Indiana_Parrothead said:


> The West Systems 207 hardener is formulated to dry clear, and is just as clear as PR or Alumilite. I have watch parts blanks that I cast that are over two years old now and have not seen any yellowing. CA does stick to it, on the few occasions that I have had pin holes I used CA to file them.
> 
> There used to be a user on here that went by the name Russianwolf (Mike Shue), for several years he made and sold hundreds of blanks and only used the West Systems epoxy to cast with, there may still be a few offered on the Exotic Blanks website, under the name Mike's Opal FX and Dicho blanks.
> 
> Mike


  Well I have to say this has made my to do list. Thanks for the info.


----------



## OKLAHOMAN (Nov 5, 2015)

If not mistaken Michelle (Lady Cop) also uses the West System epoxy on her watch part blanks.


----------



## BRobbins629 (Nov 5, 2015)

jttheclockman said:


> Well I have to say this has made my to do list. Thanks for the info.



I too have used epoxy but not in a while.  It was System 3, but I found that I couldn't get quite as good a gloss as PR.  Could well have been my technique as it was early in my pen making days.

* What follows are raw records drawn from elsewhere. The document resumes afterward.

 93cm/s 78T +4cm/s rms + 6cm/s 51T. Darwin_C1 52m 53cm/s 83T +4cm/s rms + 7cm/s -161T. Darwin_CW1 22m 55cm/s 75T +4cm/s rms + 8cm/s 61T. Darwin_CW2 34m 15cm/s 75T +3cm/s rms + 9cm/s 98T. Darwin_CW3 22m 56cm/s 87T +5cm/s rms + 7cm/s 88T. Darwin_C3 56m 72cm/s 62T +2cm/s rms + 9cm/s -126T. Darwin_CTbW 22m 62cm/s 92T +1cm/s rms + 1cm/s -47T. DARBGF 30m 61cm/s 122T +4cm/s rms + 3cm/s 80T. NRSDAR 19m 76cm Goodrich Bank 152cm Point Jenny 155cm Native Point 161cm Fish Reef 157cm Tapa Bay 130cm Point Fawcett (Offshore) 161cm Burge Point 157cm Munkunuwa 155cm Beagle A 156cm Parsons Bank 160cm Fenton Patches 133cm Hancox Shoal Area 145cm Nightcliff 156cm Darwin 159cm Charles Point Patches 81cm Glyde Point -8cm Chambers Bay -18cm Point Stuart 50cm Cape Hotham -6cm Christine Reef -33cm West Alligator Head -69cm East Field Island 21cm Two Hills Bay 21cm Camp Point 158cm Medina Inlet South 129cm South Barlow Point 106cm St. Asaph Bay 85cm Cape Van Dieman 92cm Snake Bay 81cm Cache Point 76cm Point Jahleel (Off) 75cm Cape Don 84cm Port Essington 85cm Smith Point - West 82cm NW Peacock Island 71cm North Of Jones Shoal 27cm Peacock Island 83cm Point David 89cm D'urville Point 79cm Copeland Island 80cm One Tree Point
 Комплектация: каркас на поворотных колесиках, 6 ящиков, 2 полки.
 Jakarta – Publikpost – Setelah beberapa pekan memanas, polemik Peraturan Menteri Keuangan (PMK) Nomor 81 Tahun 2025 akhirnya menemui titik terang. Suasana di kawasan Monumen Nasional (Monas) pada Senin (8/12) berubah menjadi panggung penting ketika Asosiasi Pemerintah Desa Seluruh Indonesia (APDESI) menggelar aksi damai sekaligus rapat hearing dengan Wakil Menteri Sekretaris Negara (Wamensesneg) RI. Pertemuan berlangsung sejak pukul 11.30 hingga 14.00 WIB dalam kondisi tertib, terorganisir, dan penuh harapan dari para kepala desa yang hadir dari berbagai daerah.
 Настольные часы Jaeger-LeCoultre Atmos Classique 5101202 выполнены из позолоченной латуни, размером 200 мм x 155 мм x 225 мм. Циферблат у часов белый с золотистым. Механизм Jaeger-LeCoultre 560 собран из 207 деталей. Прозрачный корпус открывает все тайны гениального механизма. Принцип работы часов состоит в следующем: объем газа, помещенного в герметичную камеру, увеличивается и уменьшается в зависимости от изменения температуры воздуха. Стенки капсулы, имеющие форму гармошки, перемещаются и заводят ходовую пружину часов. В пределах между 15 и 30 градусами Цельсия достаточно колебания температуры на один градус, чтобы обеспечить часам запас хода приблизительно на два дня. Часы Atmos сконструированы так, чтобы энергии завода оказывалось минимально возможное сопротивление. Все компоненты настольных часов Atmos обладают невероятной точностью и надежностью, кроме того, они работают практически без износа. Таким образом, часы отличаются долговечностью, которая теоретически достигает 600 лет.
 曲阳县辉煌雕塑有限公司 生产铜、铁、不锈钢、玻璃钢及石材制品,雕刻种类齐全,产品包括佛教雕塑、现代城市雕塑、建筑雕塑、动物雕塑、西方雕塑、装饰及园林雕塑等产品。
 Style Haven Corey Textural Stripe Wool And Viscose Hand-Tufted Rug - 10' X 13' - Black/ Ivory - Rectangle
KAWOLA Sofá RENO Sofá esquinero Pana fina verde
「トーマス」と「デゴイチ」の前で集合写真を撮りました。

What I would really like to see though is your list John!  You always seem to have something interesting up your sleeve.


----------



## dthayer (Nov 5, 2015)

Is there a shelf life on the West Systems resin and/or hardener?  I'd like to play around with making some blanks and I'm looking for something that I don't need a pressure pot for (at least initially) but I won't be going through it very fast and am wondering how long until it goes bad.

Thanks!


----------



## Indiana_Parrothead (Nov 5, 2015)

The cans that I am using now are six months old, not sure I have had it any longer than that.

Mike


----------



## jttheclockman (Nov 5, 2015)

BRobbins629 said:


> jttheclockman said:
> 
> 
> > Well I have to say this has made my to do list. Thanks for the info.
> ...




Bruce

I probably will not be alive long enough to execute all my ideas in just this hobby alone. My mind is constantly working. Unfortunately I ran into some health issues this past 2 years that have kept me out of my shop and it is killing me. In that time I kept active here and collected various materials and jotted down some of the ideas I came up with. Hopefully it will be sometime next year that I can once again return to the shop and get reunited with all my friends there I am hoping I will not disappoint people with some of these things. Keep those lathes spinning.


----------



## Kenny Durrant (Nov 6, 2015)

Ted I love your work. I have a cousin that builds fishing rods and does he same thing you do on his rods. I had him wrap a few tubes for me and I watered down some plain white Elmers glue and soaked the thread down on the tubes before casting. It worked for me. Good luck


----------



## nvignola (Nov 20, 2015)

Ted
how are you making these?


----------



## nvignola (Nov 20, 2015)

Ted:
How are you making those?


----------



## nvignola (Nov 20, 2015)

Ted, how are you making these?



Ted Sachs said:


> I just did this one the other night right after doing a Black and Gold snowflake pattern. I had to do my Saints' colors after that awesome game Drew played Sunday. LOL I cast a couple of blanks after getting my PR the other day only to find out tat PR and epoxy don't play well together. The PR will not stick to the epoxy at all. About two weeks worth of wrapping turns out to be just practice wraps. I had tried a test on first and it looked great. I found out when I tried turning it that it wasn't so great. Anyway, here's the black and chrome maze and the black and gold snowflake for y'all.
> 
> Oh, and now I"m going to try brushing some PR I'm going to mix up when I get a couple of more tubes wrapped. I'll brush on a good coat of it and stick that in the toaster oven to see if that works. Hopefully I can get something going consistently now.


----------



## Ted Sachs (Nov 20, 2015)

nvignola said:


> Ted, how are you making these?
> 
> 
> 
> ...



Sorry for not getting back to you on this sooner. I'm wrapping thread around the brass tube like when doing fishing rods.  You wrap in a spiral with a set spacing and go all the way across then back at that spacing.  You then wrap on one side our the other of your first thread and on some patterns you wrap on both sides. You keep repeating this and change colors at different stages to make the pattern develop.  Once finished you put a color preserver on it then brush on a couple of coats of polyester resin letting each one dry.  This will lock the threads together and keep them from unraveling when you cut it off of the mandrel that you wrap on.  I've attached a couple of pictures of what I use to wrap these on.


----------